YOUR ASSIGNMENT:
Locate, in the data below, the line that contains "该研究揭示了拴系态分子被纳米" and the line that contains "近日,山西呂梁市規(guī)"; reproduce exactly those two lines and every line between them, nothing more.

STORED DATA:
□ □ □

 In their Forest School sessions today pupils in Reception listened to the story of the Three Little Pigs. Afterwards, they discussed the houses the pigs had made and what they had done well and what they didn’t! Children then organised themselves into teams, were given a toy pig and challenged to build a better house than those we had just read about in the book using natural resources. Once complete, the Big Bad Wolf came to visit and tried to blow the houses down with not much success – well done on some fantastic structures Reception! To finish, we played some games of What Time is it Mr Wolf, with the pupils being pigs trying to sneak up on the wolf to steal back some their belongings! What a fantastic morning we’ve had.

□ □ □

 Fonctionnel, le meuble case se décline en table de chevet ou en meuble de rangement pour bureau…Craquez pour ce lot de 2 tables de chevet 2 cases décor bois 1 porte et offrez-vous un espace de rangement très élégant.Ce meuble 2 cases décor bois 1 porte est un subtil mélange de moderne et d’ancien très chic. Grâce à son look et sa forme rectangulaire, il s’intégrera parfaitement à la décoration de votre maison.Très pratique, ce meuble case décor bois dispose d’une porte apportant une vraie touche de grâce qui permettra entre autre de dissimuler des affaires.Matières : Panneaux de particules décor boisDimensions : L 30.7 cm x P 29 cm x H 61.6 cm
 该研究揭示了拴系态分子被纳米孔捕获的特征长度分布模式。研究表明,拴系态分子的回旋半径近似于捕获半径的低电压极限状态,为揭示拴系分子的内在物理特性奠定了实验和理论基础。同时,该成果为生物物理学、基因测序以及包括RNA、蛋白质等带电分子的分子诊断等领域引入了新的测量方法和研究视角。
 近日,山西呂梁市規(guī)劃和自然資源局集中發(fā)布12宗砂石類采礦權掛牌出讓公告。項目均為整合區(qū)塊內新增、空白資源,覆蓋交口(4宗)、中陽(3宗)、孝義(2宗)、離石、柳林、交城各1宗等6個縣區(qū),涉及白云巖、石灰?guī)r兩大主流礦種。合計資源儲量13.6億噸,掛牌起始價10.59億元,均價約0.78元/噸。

□ □ □

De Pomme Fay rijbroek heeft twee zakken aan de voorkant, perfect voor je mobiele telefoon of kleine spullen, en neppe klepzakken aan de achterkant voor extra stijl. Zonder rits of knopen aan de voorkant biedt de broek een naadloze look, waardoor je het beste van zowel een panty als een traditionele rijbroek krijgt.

□ □ □

ANSWER FOR THE TASK:
 该研究揭示了拴系态分子被纳米孔捕获的特征长度分布模式。研究表明,拴系态分子的回旋半径近似于捕获半径的低电压极限状态,为揭示拴系分子的内在物理特性奠定了实验和理论基础。同时,该成果为生物物理学、基因测序以及包括RNA、蛋白质等带电分子的分子诊断等领域引入了新的测量方法和研究视角。
 近日,山西呂梁市規(guī)劃和自然資源局集中發(fā)布12宗砂石類采礦權掛牌出讓公告。項目均為整合區(qū)塊內新增、空白資源,覆蓋交口(4宗)、中陽(3宗)、孝義(2宗)、離石、柳林、交城各1宗等6個縣區(qū),涉及白云巖、石灰?guī)r兩大主流礦種。合計資源儲量13.6億噸,掛牌起始價10.59億元,均價約0.78元/噸。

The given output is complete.